**Given data**.
-.-.-

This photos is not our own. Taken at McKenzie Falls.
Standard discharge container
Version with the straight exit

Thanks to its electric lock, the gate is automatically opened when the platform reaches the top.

-.-.-

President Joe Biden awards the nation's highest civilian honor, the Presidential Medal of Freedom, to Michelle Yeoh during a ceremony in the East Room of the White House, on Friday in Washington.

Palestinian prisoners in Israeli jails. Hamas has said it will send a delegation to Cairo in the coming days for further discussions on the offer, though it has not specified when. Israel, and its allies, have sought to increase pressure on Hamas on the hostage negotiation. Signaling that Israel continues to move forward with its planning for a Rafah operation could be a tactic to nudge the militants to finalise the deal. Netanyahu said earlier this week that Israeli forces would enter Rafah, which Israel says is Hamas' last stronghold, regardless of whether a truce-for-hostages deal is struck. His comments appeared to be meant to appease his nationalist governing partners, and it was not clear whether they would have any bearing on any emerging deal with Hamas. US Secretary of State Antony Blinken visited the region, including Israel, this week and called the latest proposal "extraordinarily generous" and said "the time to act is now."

-.-.-

**Task goal**.
Copy range, inclusive: the line holding "This photos is" to the line holding "Thanks to its". Reproduce exactly those lines of the records above and no others.

**Result for this task**.
This photos is not our own. Taken at McKenzie Falls.
Standard discharge container
Version with the straight exit

Thanks to its electric lock, the gate is automatically opened when the platform reaches the top.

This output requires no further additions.